I don’t understand why Pakistan’s interior minister Rehman Malik’s ten commandments to the cricket team should cause a “furore”. All the poor guy did was to lay down some basic rules: thou shalt concentrate on practice, thou shalt go to bed early, thou shalt wake up according to schedule, thou shalt ensure discipline, thou shalt dedicate yourself to the game for Pakistan, thou shalt not indulge in match-fixing…

Now, this is the one that has raised eyebrows among former players. Zaheer Abbas said he is demoralising players. Rubbish. Their ammis, abbas and biwis would be telling them the same things, except probably the last. Imran Khan thinks the minister has problems with the English language, so he must have meant something else. How many of us can understand the language used in scriptures?

The idea that he is spying on the team is ridiculous. Or maybe it is meant to sound like that. 

Rehman Malik needs to be applauded for thinking on his feet. He is acting as cricket’s messiah by declaring that his country has sent “clean players” and can’t take chances after the ICC had banned three for spot-fixing. His target is not the players at all. He is preparing the ground for the outcome of the game. (Yes, I understand his English and more.)

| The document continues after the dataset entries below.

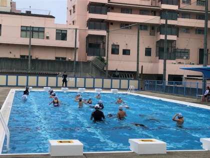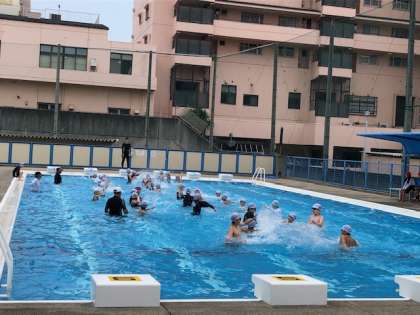 ジャンプしたり、水を掛け合ったり、今年初めてのプールを満喫していました。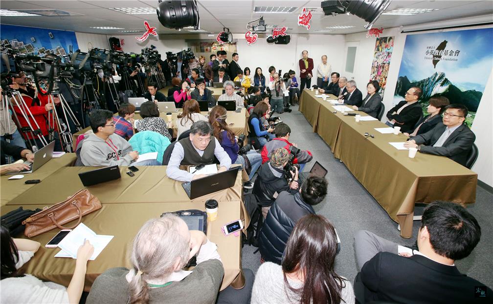 小英教育基金會執行長林全(右排右三)日前率團參訪中國大陸,董事長蔡英文(右排右四)20日陪同林全舉行記者會,說明登陸情況,大批媒體到場關注。(中央社提供)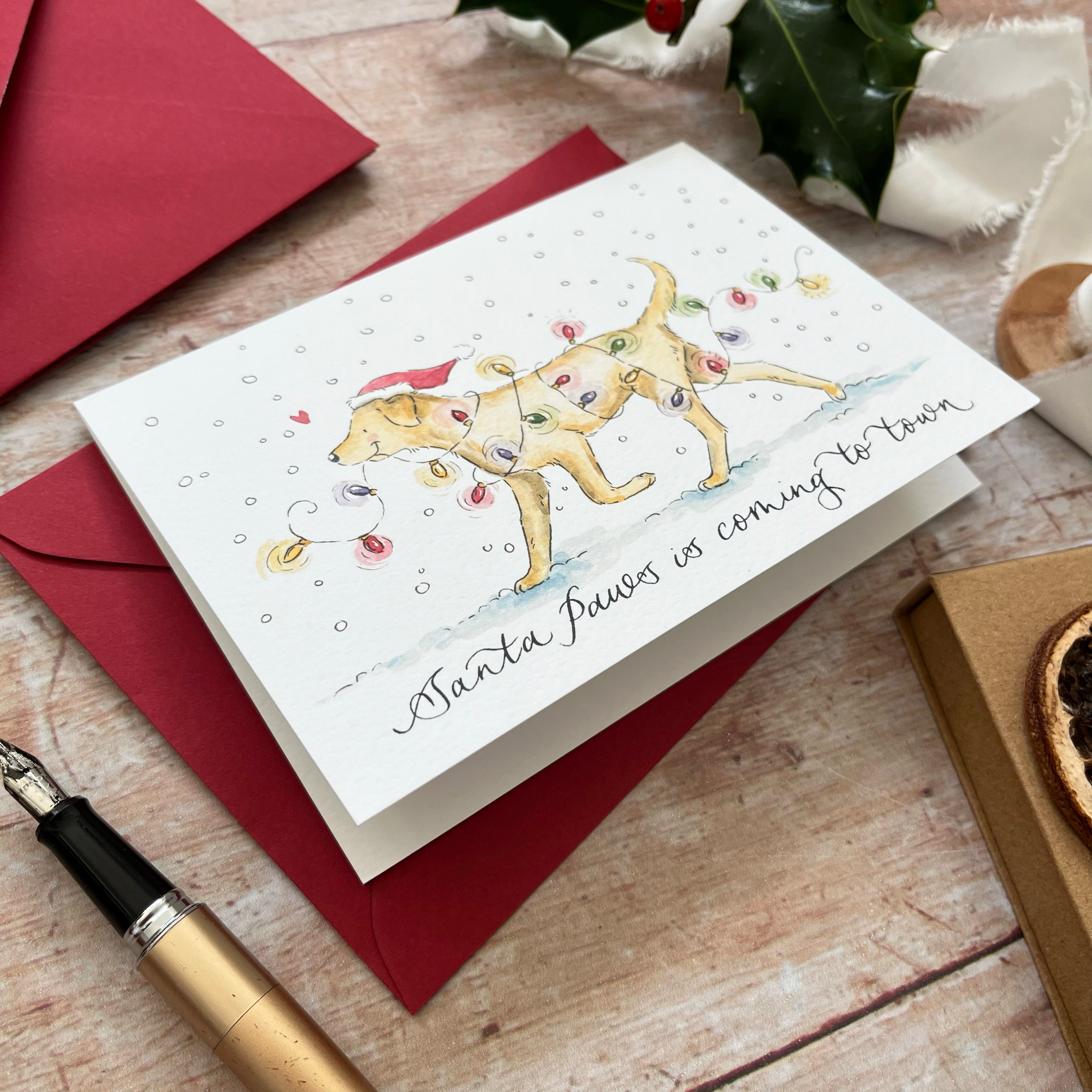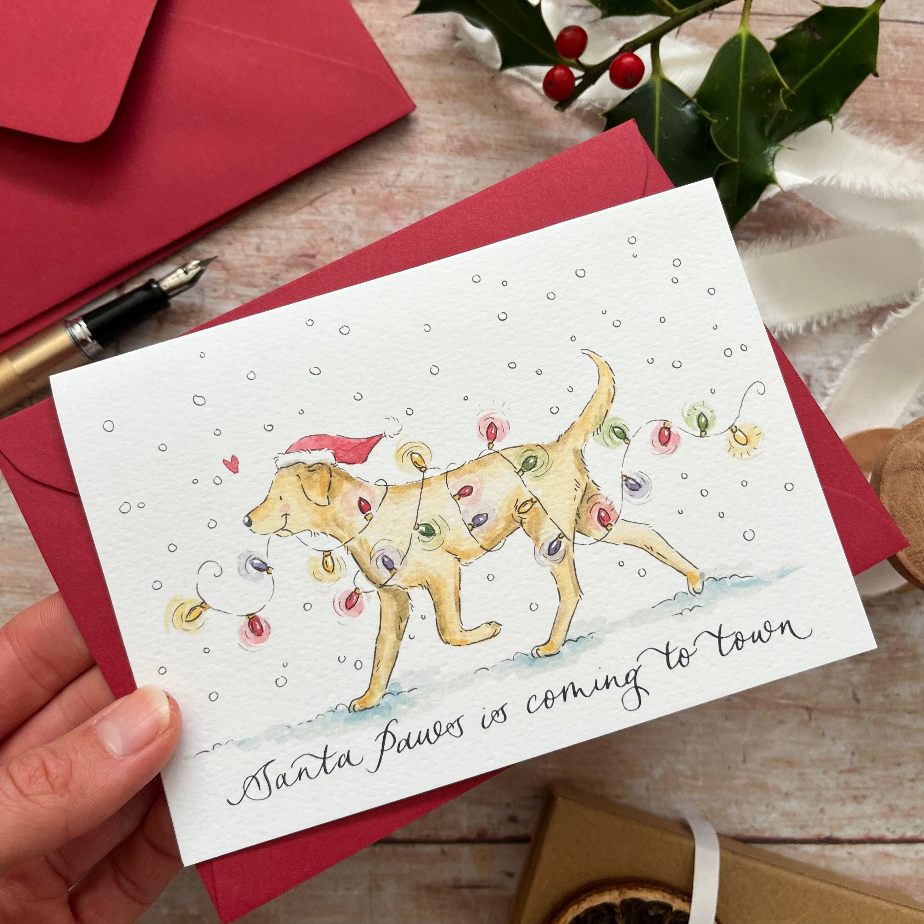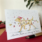 'Santa Paws is coming to town' - Send festive wishes with this beautiful card of a festive labrador dashing through the snow!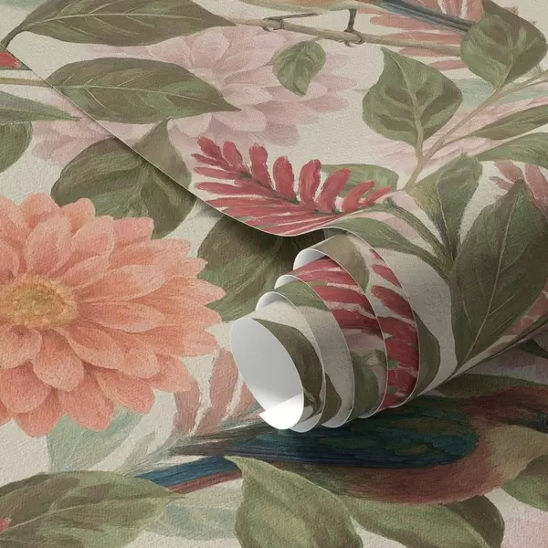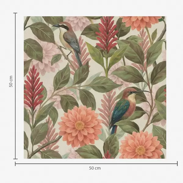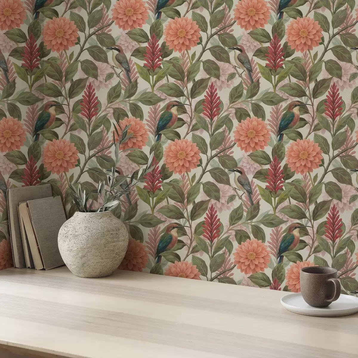 Papel pintado Pájaros entre flores y hojas en tonos cálidos Nr. a00753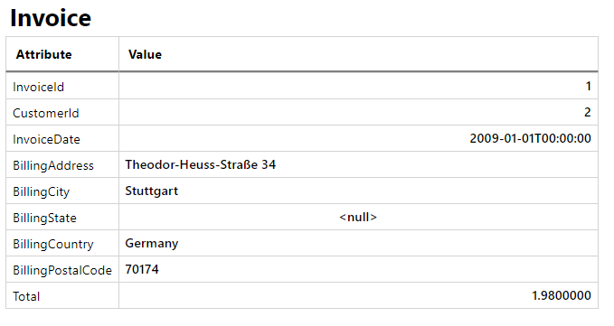 /Invoice/InvoiceId/1.html - get Invoice record with primary key InvoiceId = 1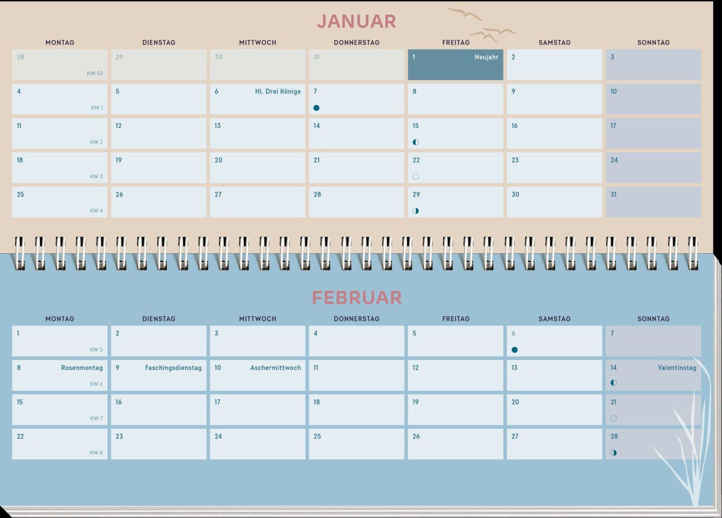 - Terminkalender/-planer 2027 Meer mit 64 Seiten (Maße: 29, 7 x 11, 5 cm) und Spiralbindung für einfaches Umblättern und flaches Auflegen auf dem Schreibtisch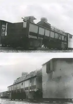 | Орлик (бронепоезд) | л | В | ДвА, белочехи | ![]() Слева: платформа импровизированного бронепоезда чехословацкого корпуса «Орлик», вооружённая 12-ю пулемётами. Пензенская группировка чехословаков. Уфа, июнь 1918. Справа: «Орлик», 1920. | ||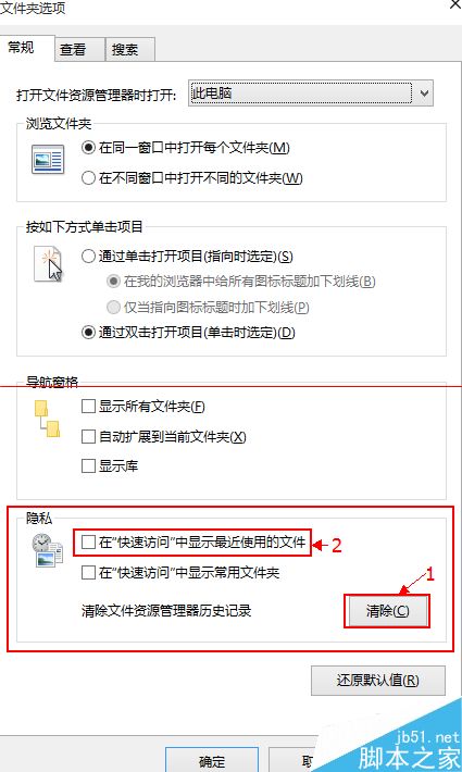 3、在“文件夹选项”对话框中,找到“隐私”一栏。点击“清除”,同时去除“在快速访问中显示最近使用的文件”的勾选,“确定”,如图所示。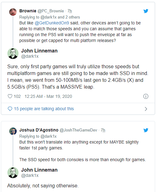 这意味着PS5游戏将有最快的载入时间,但外媒DF记者John Linneman指出PS5的超快SSD,只有索尼第一方游戏才能真正利用,因为多平台游戏仍将继续迎合Xbox Series X和PC上的最低值。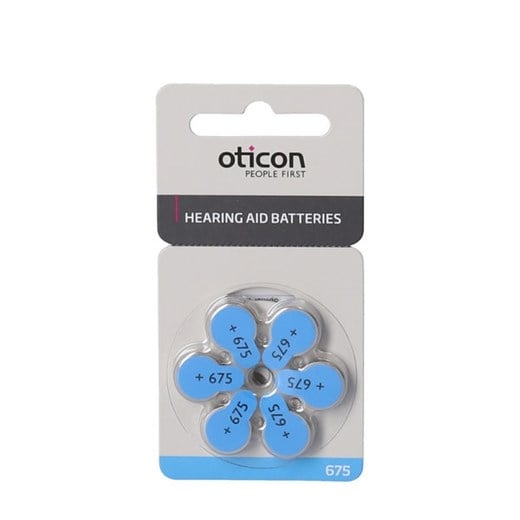 Oticon Høreapparat Batterier 675 indeholder 6 batterier til høreapparater. Batterierne har en blå farvemarkering, så du let kan aflæse, hvilke batterier du skal anvende.

If Pakistan wins the semis against India, then not only will the country rejoice but Pakistan’s image as detergent nation will also get a boost. If it loses, then pin it down to match-fixing. And everyone knows that such fixing is not a one-way street. So, which is the other one? Conspiracy theories galore will float. Rehman Malik and the Pakistan government will have ready scapegoats and their own hands will be clean. If only the cricketing greats understood basic bat and ball stuff.